[Source records]
▼

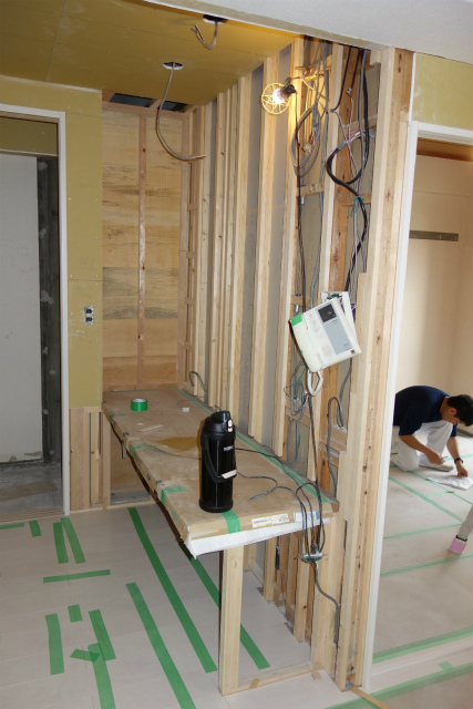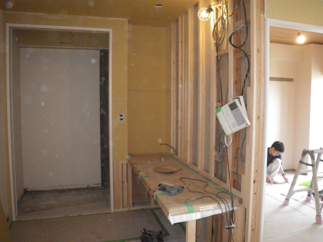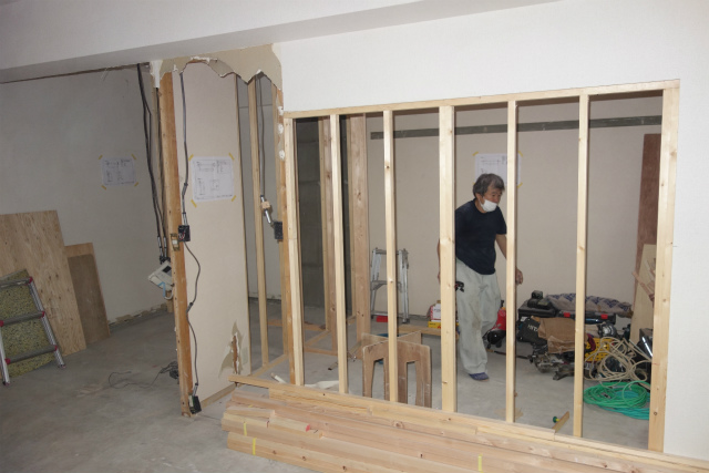 フルリフォーム 内装リノベーション工事④ 横浜 マンション 2016/07/12 本日は、壁の下地造作に入ります。 和室から洋室に変更するための壁下地造作は完了しました。 次に、書斎部分の壁造作をします。 リビングの一角にパソコンルーム(書斎)を作りたいとのご希望がありましたので そのようにお部屋の間取りを変更しました。 フローリングも完了し、クロスを貼ります。 クロスはティファニーブルーをアクセントクロスで貼りました。 それでは、完成です。 と本日はここまで。 次回をお楽しみに‼
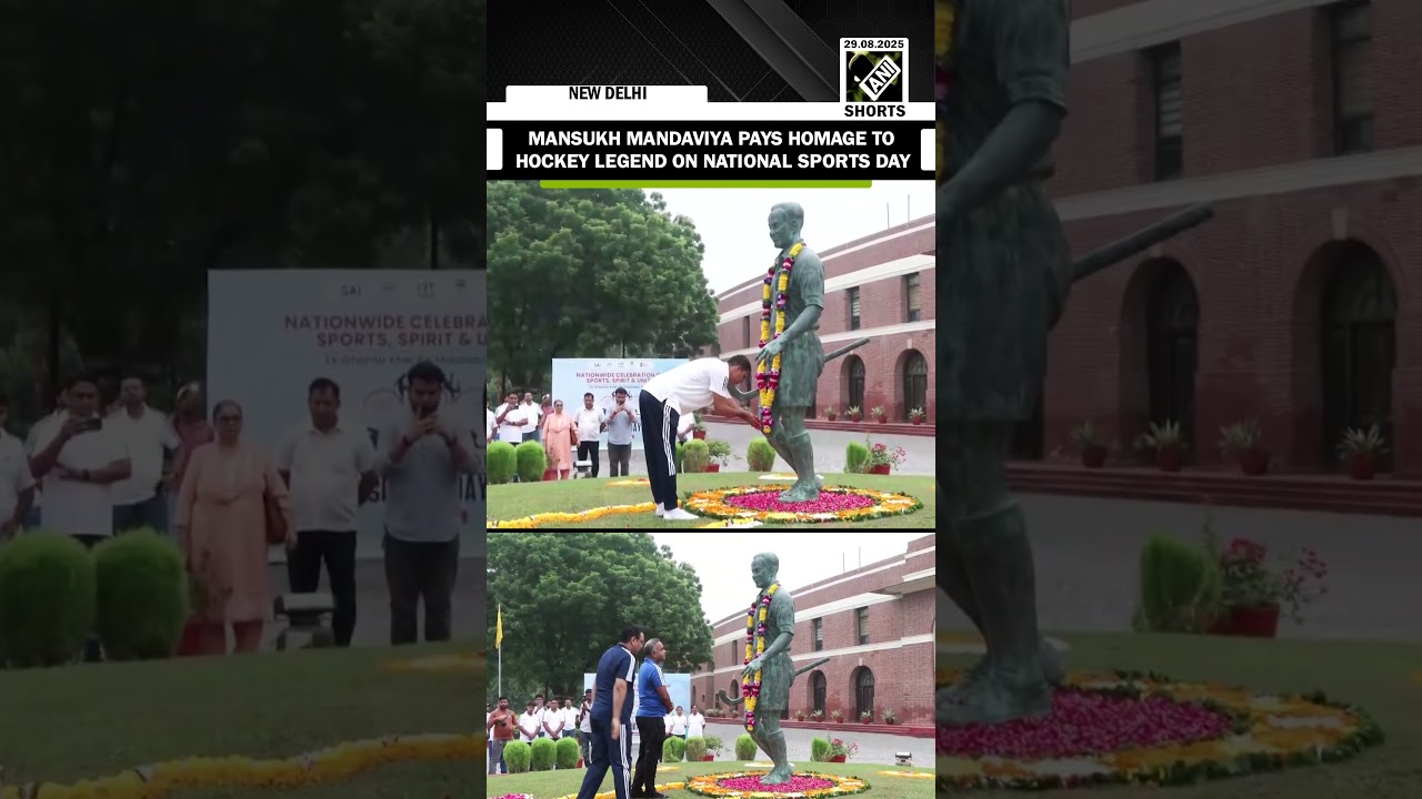 #ANINews Union Sports Min Mansukh Mandaviya pays floral tribute to Major Dhyan Chand on National Sports Day
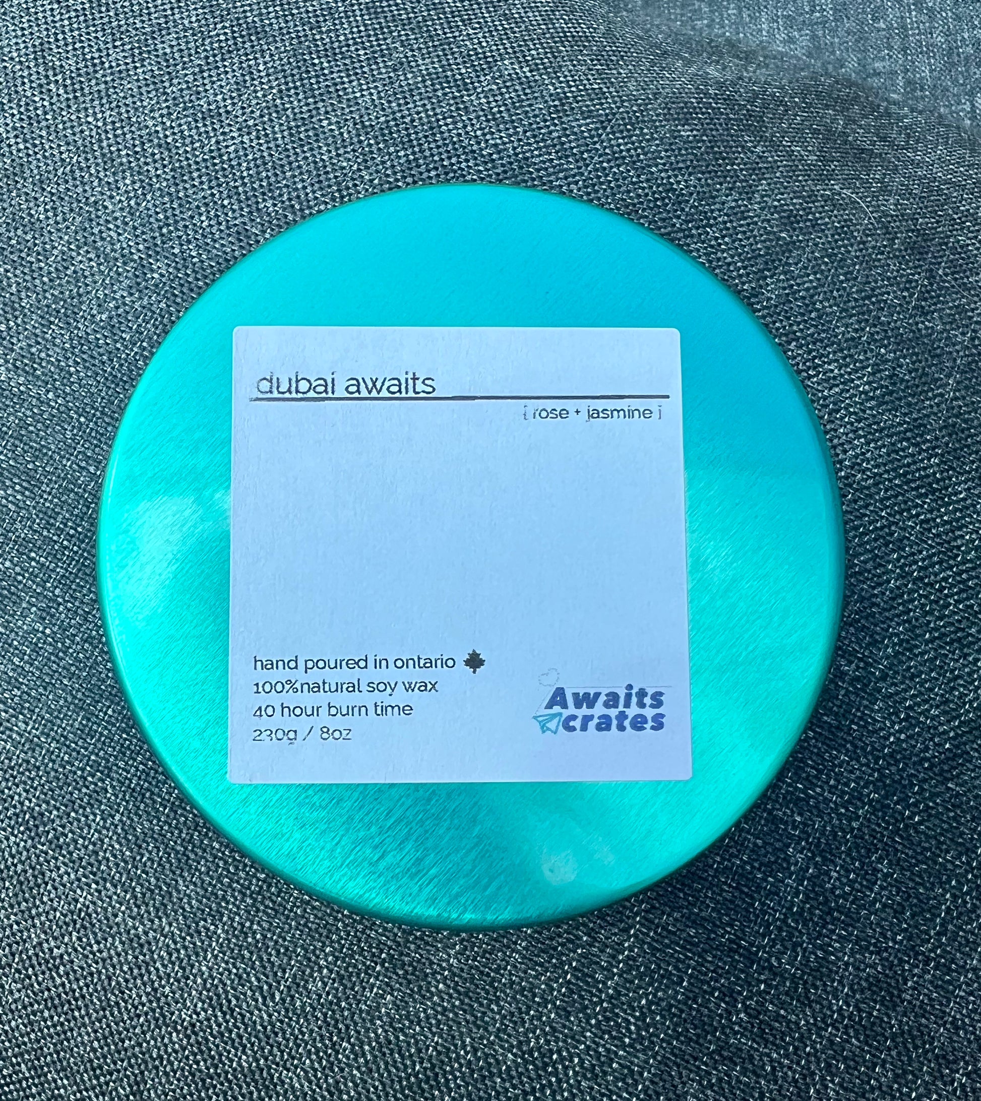 Dubai Awaits Luxury Soy Wood Wick Candle: rose + jasmine
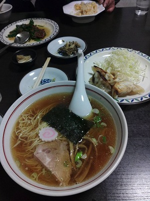 | 奥さんはラーメンと餃子のセット(セットは千円くらい) 野沢菜の天ぷらなどがおまけ | |
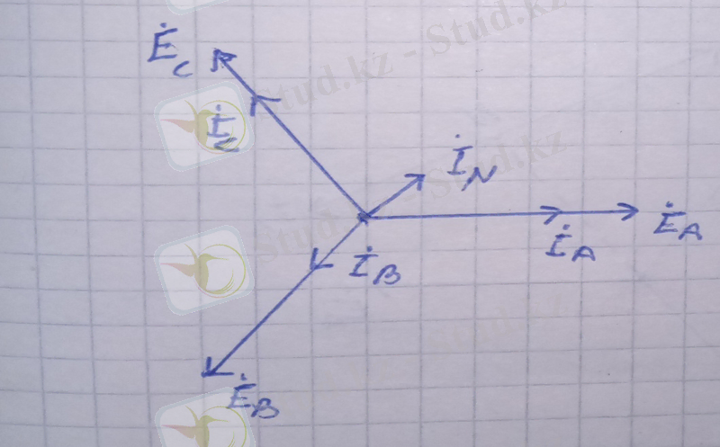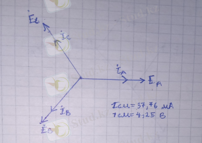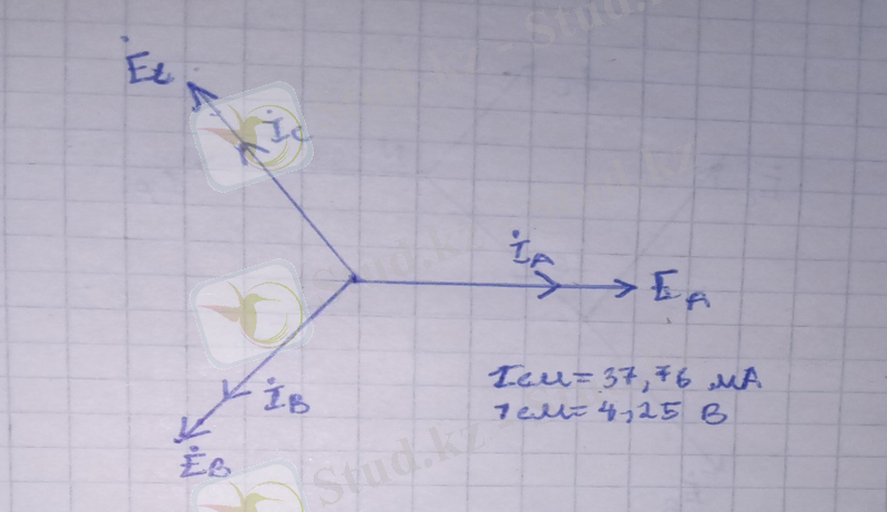 7) Үшфазалық тізбектің бейтарап сымы жоқ ережелердегі токтың векторлық диаграммасын және кернеудің топографиялық диаграммасын тұрғызу:
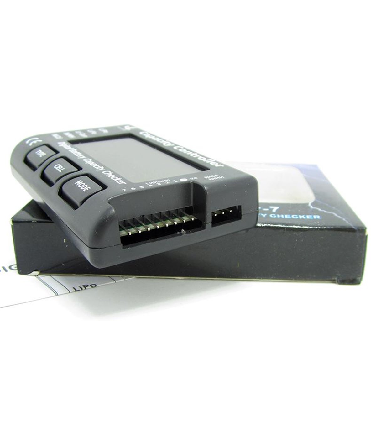Cellmeter-7 - аккумуляторный тестер, который должен иметь каждый RC моделист. Он способен измерить напряжение каждой ячейке и всего аккумулятора в целом, а также показать оставшуюся его емкость. Кнопка выбора режима измерений позволит вам замерить самое высокое и самое низкое напряжение ячеек и покажет разницу напряжений на ячейках при подключение через балансировочный разъем аккумулятора.
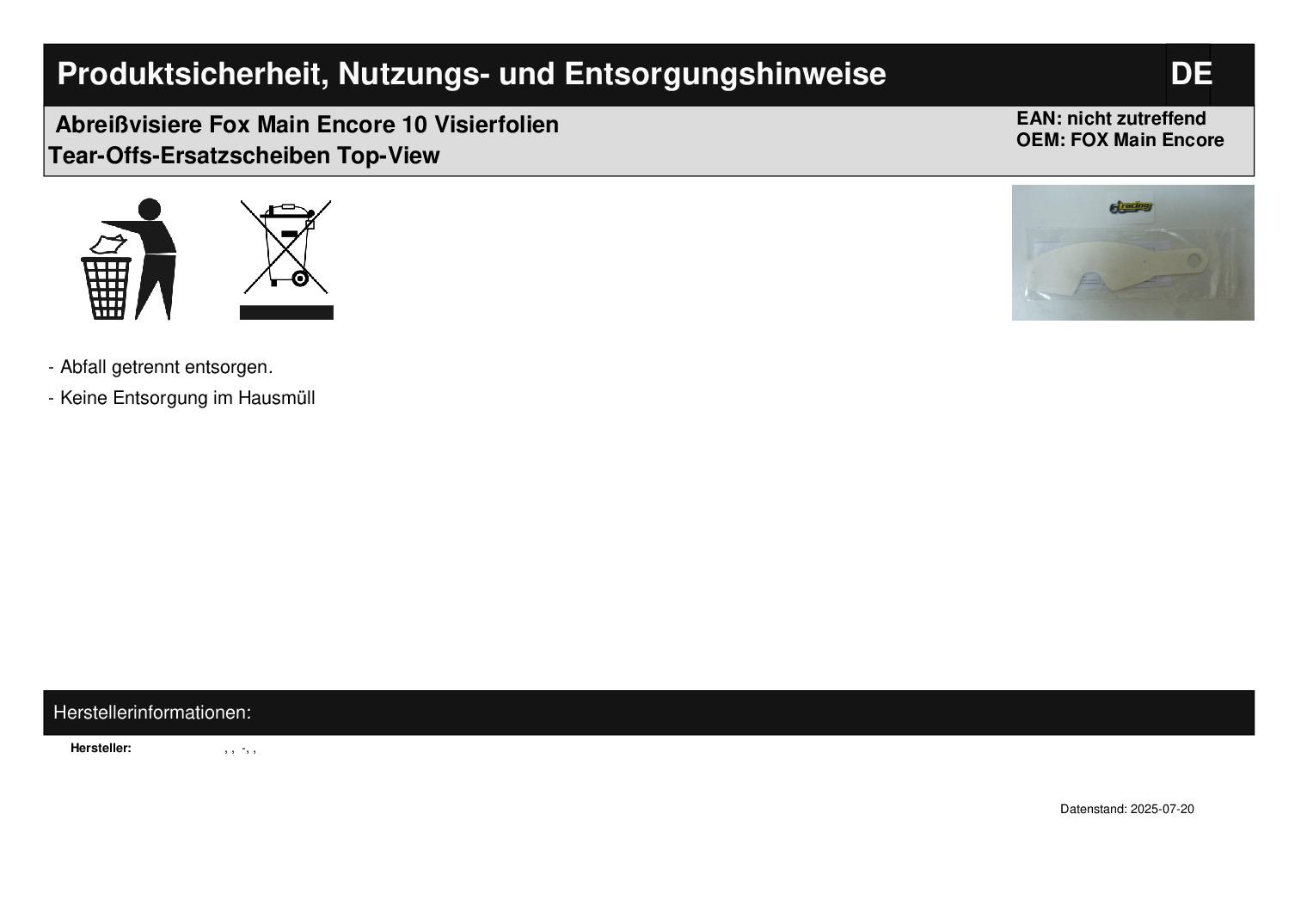 Titel: Abreißvisiere Fox Main Encore 10 Visierfolien Tear-Offs-Ersatzscheiben Top-View
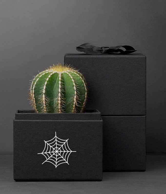 Spooky season is here! Send a charming trick or treat succulent planter to your friend or loved one to help them keep the spooky season going all year! Each purchase of a Lula's Garden planter provides six months' worth of safe water for one person in the developing world via water.org. These chic suncatchers can adapt to various indoor climates. Please note: Succulent selection may vary from those listed or depicted here due to availability. Includes: 4" Parodia Cactus Succulent Plant Plastic Dropper Black Gift Box with Black Bow 4" x 5.7" Black Planter with White Spiderweb Illustration Personalized Card Message Plant Care: Direct sunlight in morning and evening, indirect sun during hotter afternoon hours In Spring & Summer months: Water regularly, keeping soil moist. In Winter months: Water roughly every 1-2 weeks, allowing soil to dry between watering
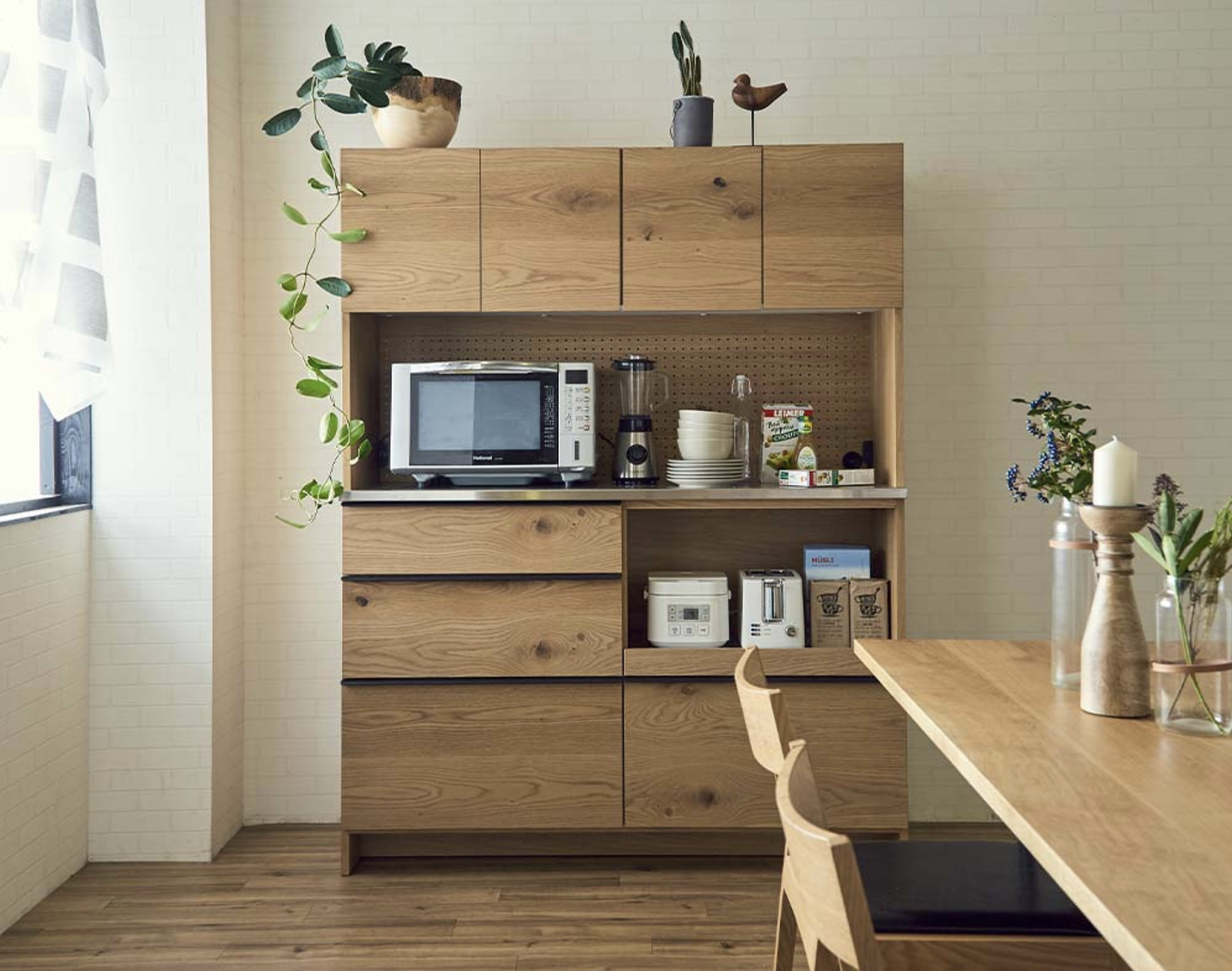幅90cm〜120cmのキッチンボードは、収納力と作業性のバランスが優れたスタンダードなサイズです。引き出し・扉収納・家電収納スペースが一体化されており、「見せる収納」と「隠す収納」を使い分けたいニーズにも応えられます。カウンター部分に余裕があるため、ちょっとした下ごしらえや配膳スペースとしても活用可能。

▲

▶ [What needs to be done]:
Word for word, give again the lines from the first entry to the line with "7) Үшфазалық тізбектің", inclusive. Exclude the pictures.

▶ [Answer space]:
 フルリフォーム 内装リノベーション工事④ 横浜 マンション 2016/07/12 本日は、壁の下地造作に入ります。 和室から洋室に変更するための壁下地造作は完了しました。 次に、書斎部分の壁造作をします。 リビングの一角にパソコンルーム(書斎)を作りたいとのご希望がありましたので そのようにお部屋の間取りを変更しました。 フローリングも完了し、クロスを貼ります。 クロスはティファニーブルーをアクセントクロスで貼りました。 それでは、完成です。 と本日はここまで。 次回をお楽しみに‼
 #ANINews Union Sports Min Mansukh Mandaviya pays floral tribute to Major Dhyan Chand on National Sports Day
 Dubai Awaits Luxury Soy Wood Wick Candle: rose + jasmine
 | 奥さんはラーメンと餃子のセット(セットは千円くらい) 野沢菜の天ぷらなどがおまけ | |
 7) Үшфазалық тізбектің бейтарап сымы жоқ ережелердегі токтың векторлық диаграммасын және кернеудің топографиялық диаграммасын тұрғызу:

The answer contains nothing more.